Döner bir bilgisayar sandalyesinde oturuyorum. Yapay derinin altında süngerimsi bir yapısı var. Onun altında da demir bir aksam. Yaslanan kısmının etrafı da demir ya da çelik, tam bilmiyorum. Plastik bir parçası yok gibi. Oldukça kaliteli bir sandalye bu. O zamanlar daha çocuğum ama hatırlayabiliyorum nasıl olduğunu. O zaman bile dikkat ederdim demek böyle şeylere. Başım dönene kadar sandalyede kalmaya kararlıyım. Başımın dönmesini sevmiyorum ama orada dönmek hoşuma gidiyor. Hem canımın sıkıntısını alıyor hem de çok rahat. Masadan yarım metre uzak. Masa üzerindeki bilgisayarın ekranı karanlık. Hayal gücümün önünde hiçbir engel yok. Bir yandan dönüyorum, diğer yandan da bir astronot olduğumu düşlüyorum. Bir simülasyona sokmuşlar beni. Tek başıma çıkacağım uzaya. Bana güvenmişler. Bir yere, yeni keşfedilmiş olan bir yere, yepyeni bir teknolojiyle yapılmış bir araçta gideceğim. İlk defa denenecek bu teknoloji. Önce döndürülecekler aracı. Sonra da… Vışşşşşşşt!

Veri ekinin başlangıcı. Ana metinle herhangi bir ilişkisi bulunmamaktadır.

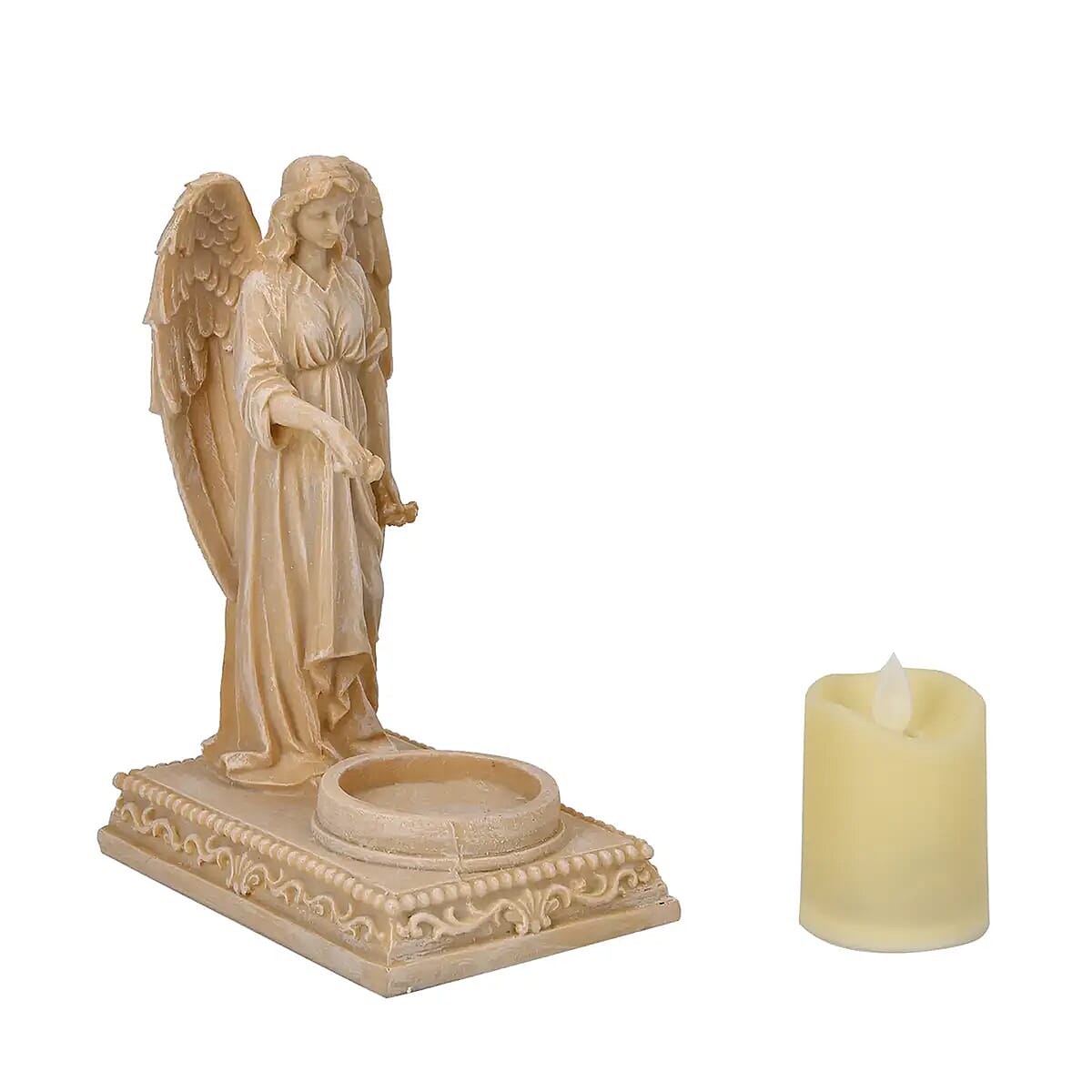 Resin Praying Angel Decor with Flameless LED Candle (Powered by CR2032 Lithium Cell Battery)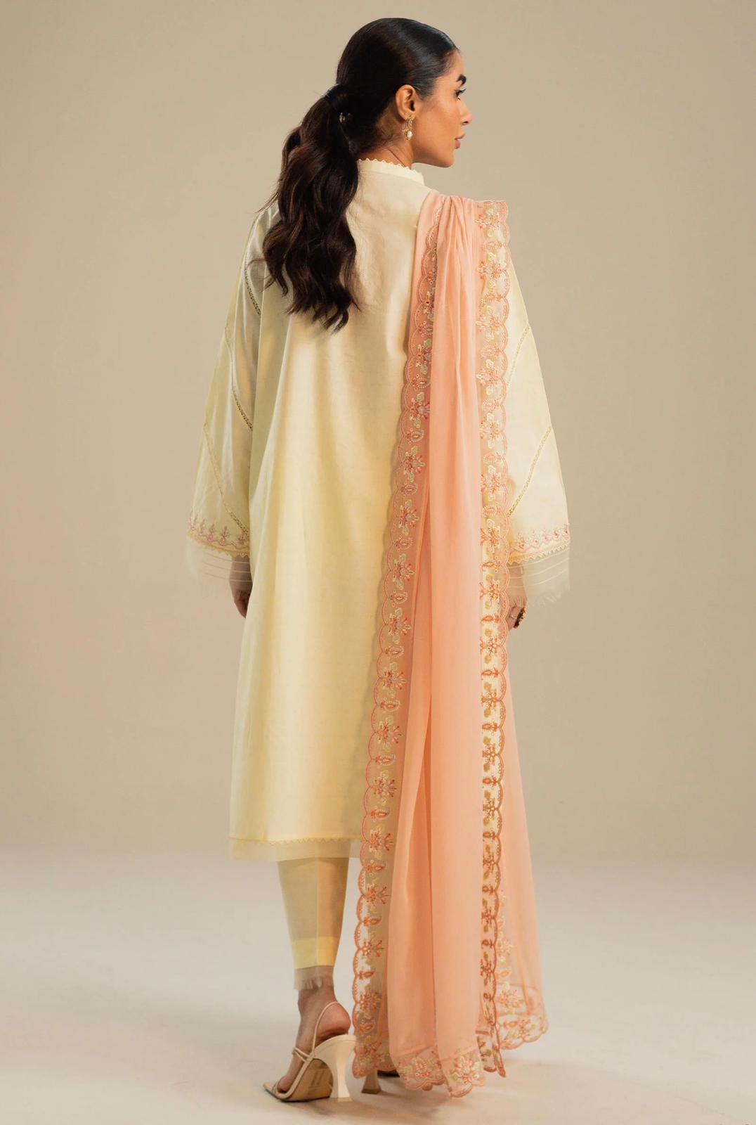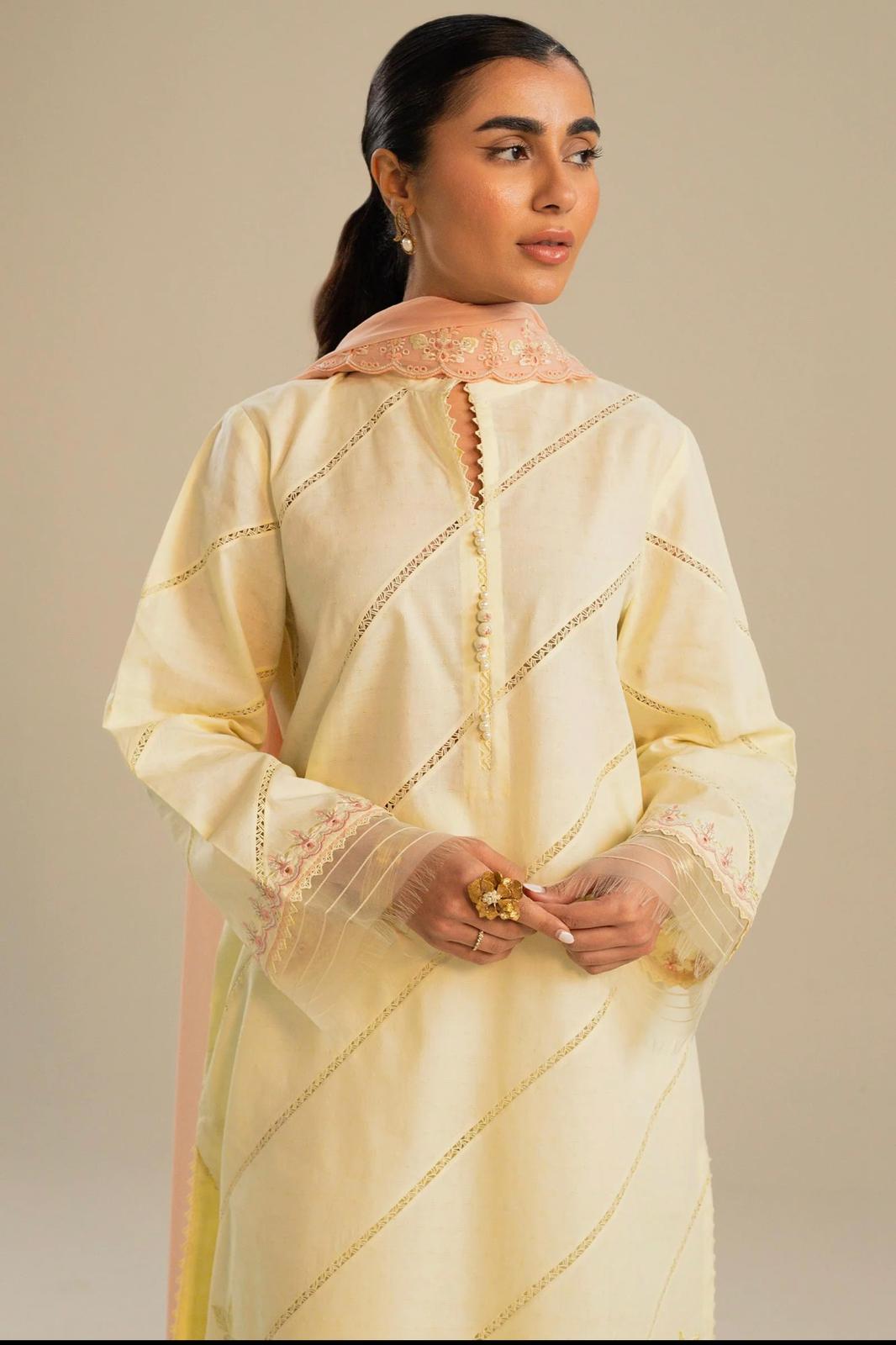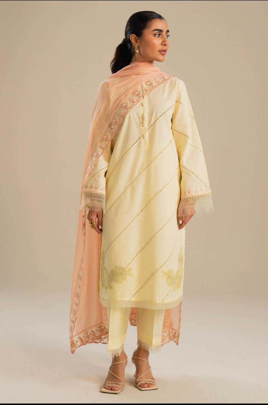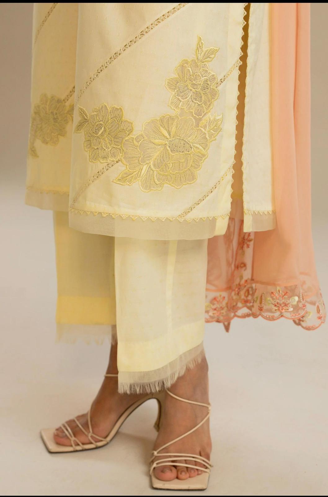 Our straight-fit yellow kurta with diagonal lace insertions and daffodil florals on the front. It is paired with our classic izaar and a contrasting dupatta in coral with schiffli embroidery all over which completes your effortless look.

Bir şekilde zamansız bir yerden, zamansız bir şekilde o mekânda olmak üzere planlanmış bir yolculuk…
Tıpkı böyle bir sandalye gibi bir araç bu. Küçük görünse de eşyalarımın hepsinin sandalyedeki küçük boyut ceplerinde depolandığından rahatlıkla her şeyi yanıma alabileceğim bir araç.
Bir an… kendimi orada zannediyorum. Babam patronuyla tanıştırmak için çağırmasa… belki de gidecektim oraya.
Yirmi iki yaşındayım. Galiba on yıldır ayak basmamıştım binaya. Babam hâlâ o ofiste çalışıyor. Patronu biraz kilo almış; ama saçları o zaman da beyazdı.
Merak ediyorum. Sandalye nasıl? Acaba orada mı; yoksa değiştirdiler mi?
Evet!
İşte orada… Paslanmış, gıcırdıyor; ama odada kimse olmadığı için oturup dönebilirim.